## Aim of the task:
From the listing below, restate word for word the lines from the line containing "Ficha informativa de" down through the line containing "我校教職工社團及工會專門工作". Exclude pictures.

## Data:
-=-=-
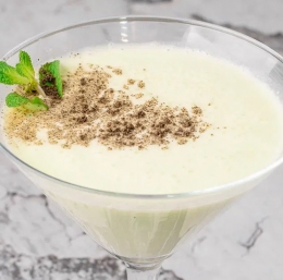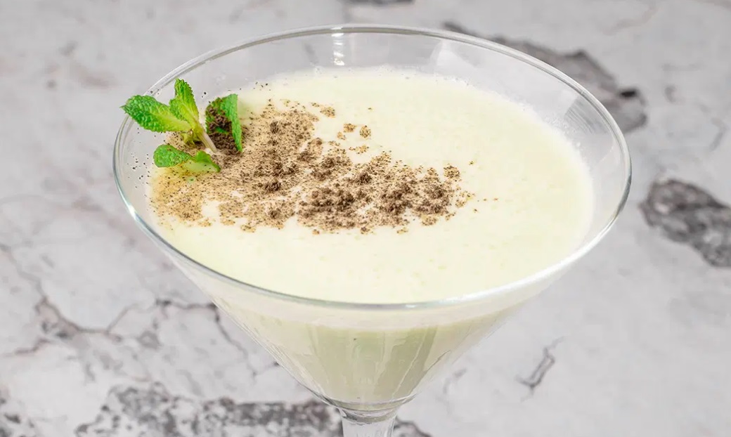Nalijemo v ohlajen kozerec za martini, posujemo z muškatnim oreščkom in okrasimo z meto.
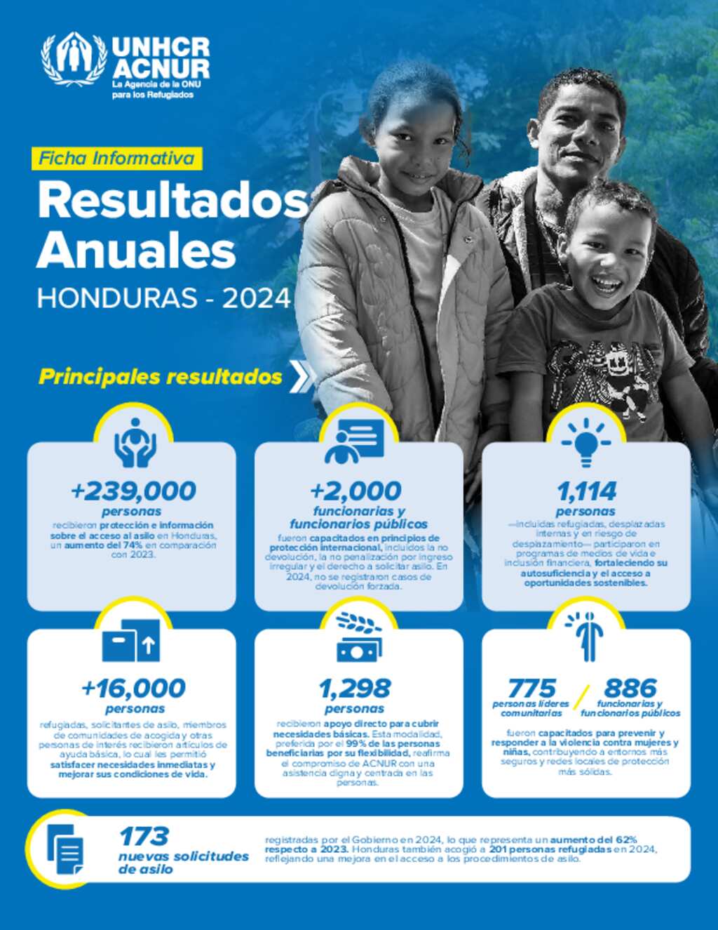 Ficha informativa de ACNUR Honduras sobre los resultados operacionales de 2024.
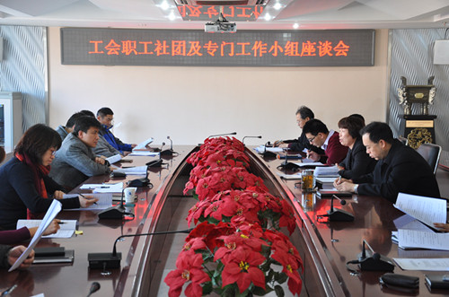 我校教職工社團及工會專門工作小組座談會于2015年1月6日在學校綜合樓第一會議室召開,學校各分會主席、工會各專門工作小組組長及擬建教職工社團的召集人參加了本次會議。
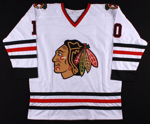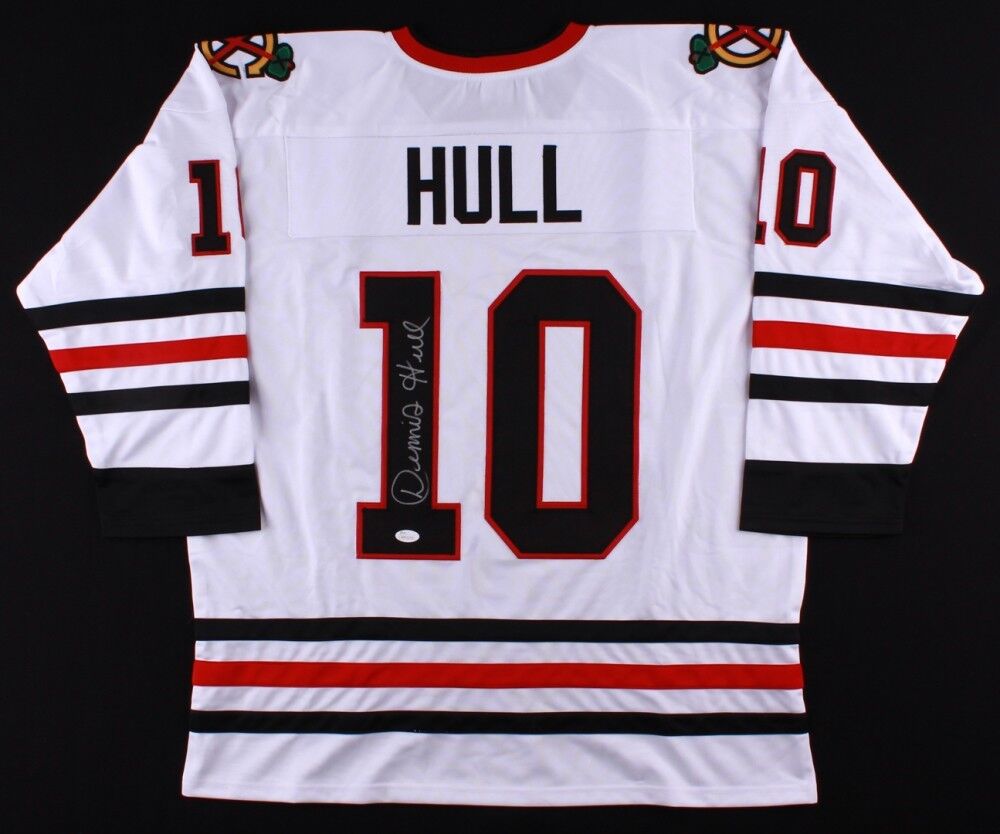 Custom on-ice style jersey. Everything is sewn on, size XL. The jersey has been hand-signed in silver paint pen by Dennis Hull (Red Wings). The lot / autograph(s) includes an official James Spence Authentication (JSA) hologram and matching COA for authenticity purposes. The signing of this item was witnessed by JSA.Authentication: JSA COA
-=-=-
## Task answer:
 Ficha informativa de ACNUR Honduras sobre los resultados operacionales de 2024.
 我校教職工社團及工會專門工作小組座談會于2015年1月6日在學校綜合樓第一會議室召開,學校各分會主席、工會各專門工作小組組長及擬建教職工社團的召集人參加了本次會議。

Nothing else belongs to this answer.